An exact copy of the listing below is the answer, with the pictures removed.

* [Data]:
━━━━━━━━━━━━━━━━
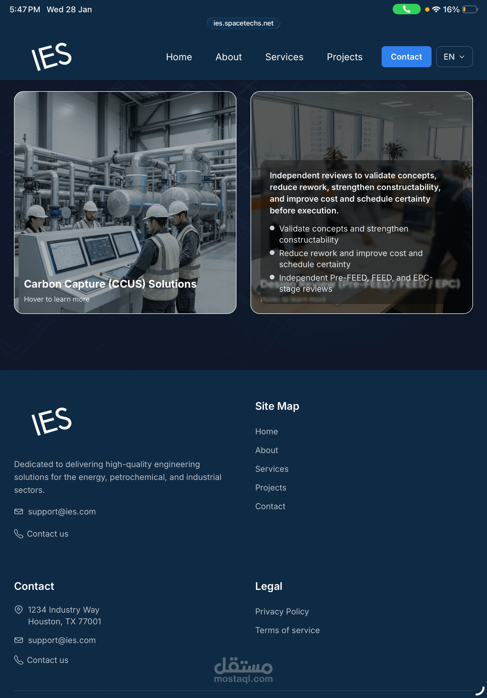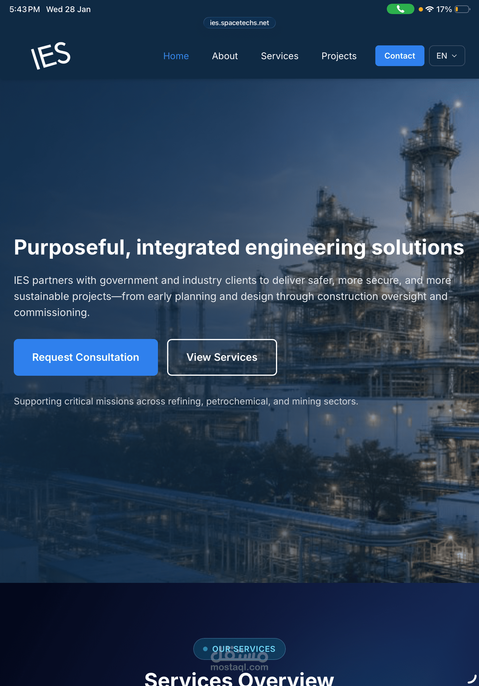 ركزنا بشكل كبير على تجربة المستخدم، بحيث تكون المنصة سريعة، واضحة، ومتوافقة مع جميع الأجهزة، سواء كمبيوتر أو جوال أو تابلت، مع تصميم عصري يسهّل على المستخدم الوصول لكل الخدمات والخدمات الهندسية المرتبطة بأعماله اليومية.
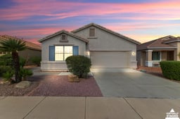This lovely home is located in the 55+ guard-gated Arizona Traditions resort! The popular Coronado model offers a spacious open great room with tall vaulted ceilings, well-designed split bedrooms, two baths, and an open den or office! Open kitchen features granite counters, pretty tile backsplash, stainless appls, and a large island for casual dining! Rich white plantation shutters on almost all windows! Warm laminate flooring and tile throughout, no carpet! The backyard has mature citrus trees, and can be an open canvas for your design! The North/South facing lot is fully fenced for pets and privacy. Plus this home as an HVAC system less than one year new! Arizona Traditions is a welcoming community with all the active adult amenities you expect, but with a small town feel! See it today
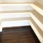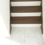 クールモダンな家具・照明が映えるよう、建具やクロスをダークブラウンとアイボリーで落ち着いたイメージに統一しました。ペットとくつろぐLDKには耐アンモニア仕様で汚れに強く、お手入れ簡単なマーブル調フローリングです。LDKにはご主人の夢だったファン照明、1・2階には足元灯を設置。 玄関に宅配ボックスを設置。留守でも荷物を受取り室内側から取り出すことが可能です。
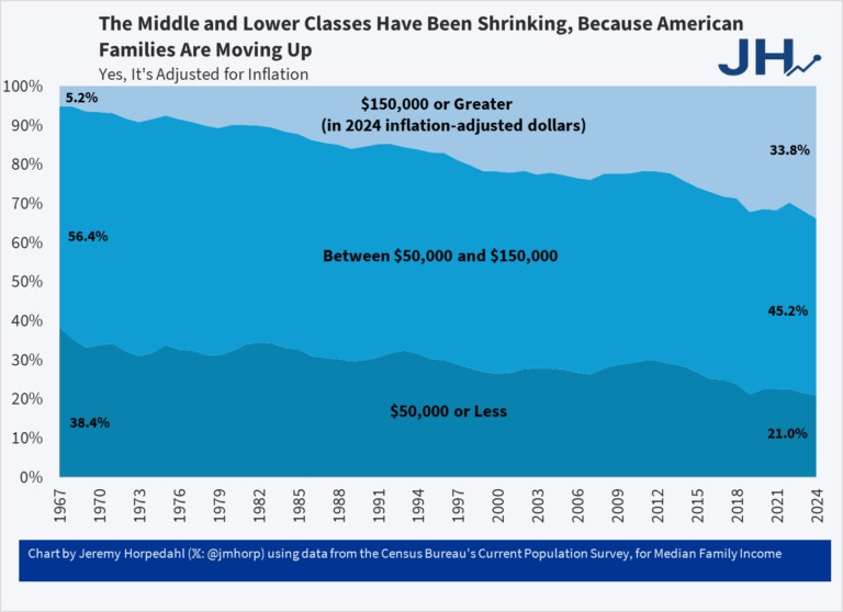 Scott Choppin Note: One interesting part of this change, is that while the upper class grew bigger, many lower class families moved into the middle class, i.e. everyone shifted upwards. Bottom line: the middle class is here to stay. Note that the calculation of wages are inflation adjusted, so this movement is NOT due only to inflation of nominal wages. This is bullish for the rental housing markets in the long run.
━━━━━━━━━━━━━━━━
* [Expected answer]:
 ركزنا بشكل كبير على تجربة المستخدم، بحيث تكون المنصة سريعة، واضحة، ومتوافقة مع جميع الأجهزة، سواء كمبيوتر أو جوال أو تابلت، مع تصميم عصري يسهّل على المستخدم الوصول لكل الخدمات والخدمات الهندسية المرتبطة بأعماله اليومية.
This lovely home is located in the 55+ guard-gated Arizona Traditions resort! The popular Coronado model offers a spacious open great room with tall vaulted ceilings, well-designed split bedrooms, two baths, and an open den or office! Open kitchen features granite counters, pretty tile backsplash, stainless appls, and a large island for casual dining! Rich white plantation shutters on almost all windows! Warm laminate flooring and tile throughout, no carpet! The backyard has mature citrus trees, and can be an open canvas for your design! The North/South facing lot is fully fenced for pets and privacy. Plus this home as an HVAC system less than one year new! Arizona Traditions is a welcoming community with all the active adult amenities you expect, but with a small town feel! See it today
 クールモダンな家具・照明が映えるよう、建具やクロスをダークブラウンとアイボリーで落ち着いたイメージに統一しました。ペットとくつろぐLDKには耐アンモニア仕様で汚れに強く、お手入れ簡単なマーブル調フローリングです。LDKにはご主人の夢だったファン照明、1・2階には足元灯を設置。 玄関に宅配ボックスを設置。留守でも荷物を受取り室内側から取り出すことが可能です。
 Scott Choppin Note: One interesting part of this change, is that while the upper class grew bigger, many lower class families moved into the middle class, i.e. everyone shifted upwards. Bottom line: the middle class is here to stay. Note that the calculation of wages are inflation adjusted, so this movement is NOT due only to inflation of nominal wages. This is bullish for the rental housing markets in the long run.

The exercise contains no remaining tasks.